Alarm priority levels in SCADA systems - Time & Space Complexity
When managing alarms in SCADA systems, it's important to know how the system handles many alarms at once.
We want to understand how the time to process alarms grows as the number of alarms increases.
Analyze the time complexity of the following code snippet.
for alarm in alarm_list:
if alarm.priority == "High":
send_alert(alarm)
log_alarm(alarm)
update_display(alarm)
This code checks each alarm's priority, sends alerts for high priority alarms, logs all alarms, and updates the display.
Identify the loops, recursion, array traversals that repeat.
- Primary operation: Looping through each alarm in the alarm list.
- How many times: Once for every alarm in the list.
As the number of alarms increases, the system processes each alarm one by one.
| Input Size (n) | Approx. Operations |
|---|---|
| 10 | About 10 checks and updates |
| 100 | About 100 checks and updates |
| 1000 | About 1000 checks and updates |
Pattern observation: The work grows directly with the number of alarms.
Time Complexity: O(n)
This means the time to process alarms grows in a straight line as more alarms come in.
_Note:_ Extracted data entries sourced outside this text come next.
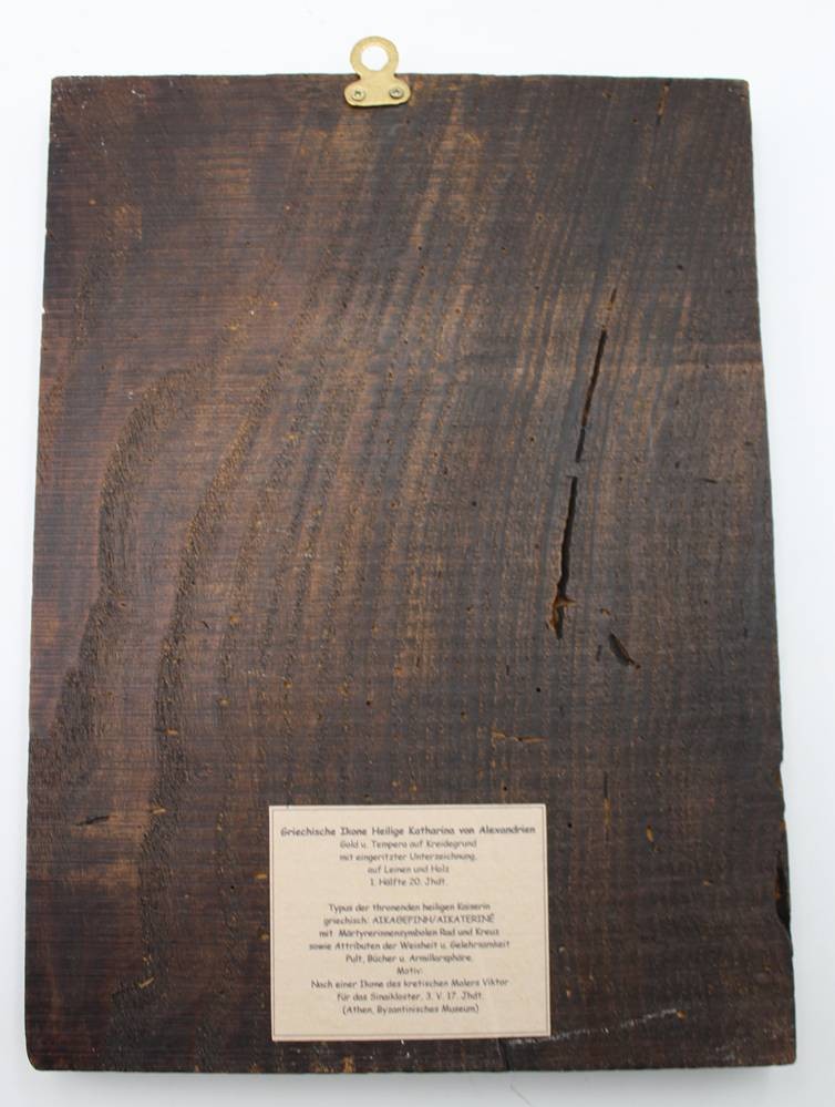 griech. Ikone, Heilige Katharina von Alexandrien, 1. Hälfte 20. Jhd., verso Beschreibung, 33,5 x 24,5cm. [1]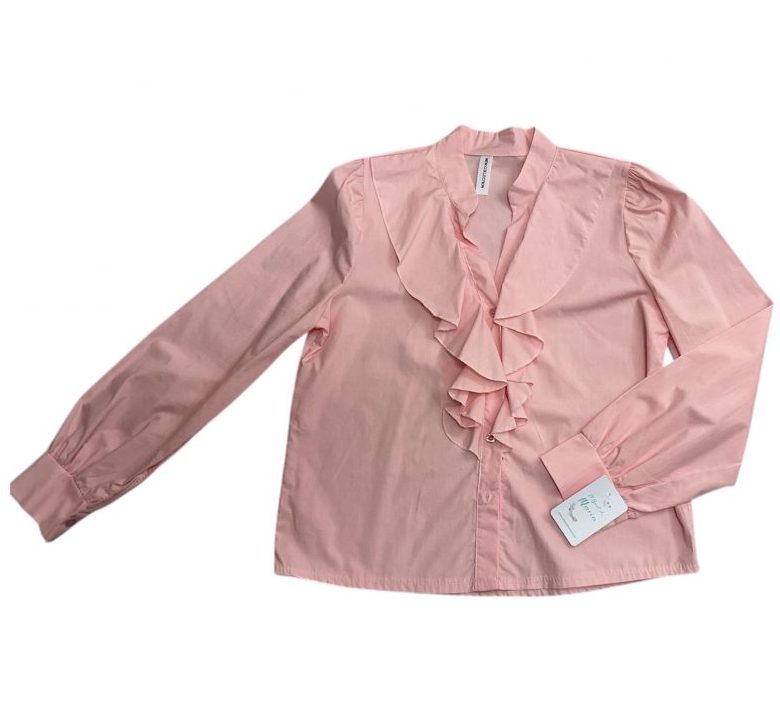El diseño destaca por su frontal con volantes (chorreras) que aporta volumen y movimiento, acompañado de un elegante cuello mao y botonadura central. Sus mangas largas cuentan con puños definidos y un ligero frunce en el hombro que realza la silueta de forma sofisticada.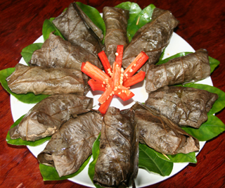 双叶抱子又名叶生满堂,是瑶家女儿回娘家祝寿时必上主菜。主要用五花肉、花生、板栗、荷叶、柚子叶、蒸肉米粉等材料做成,荷叶、柚叶的清香扑鼻,五花肉软绵入味,配上花生、板栗,油而不腻。

[X] Wrong: "Processing alarms is always fast no matter how many there are."
[OK] Correct: Each alarm adds more work, so more alarms mean more time needed.
Understanding how alarm processing scales helps you design systems that stay reliable as they grow.
"What if we grouped alarms by priority first, then processed each group separately? How would the time complexity change?"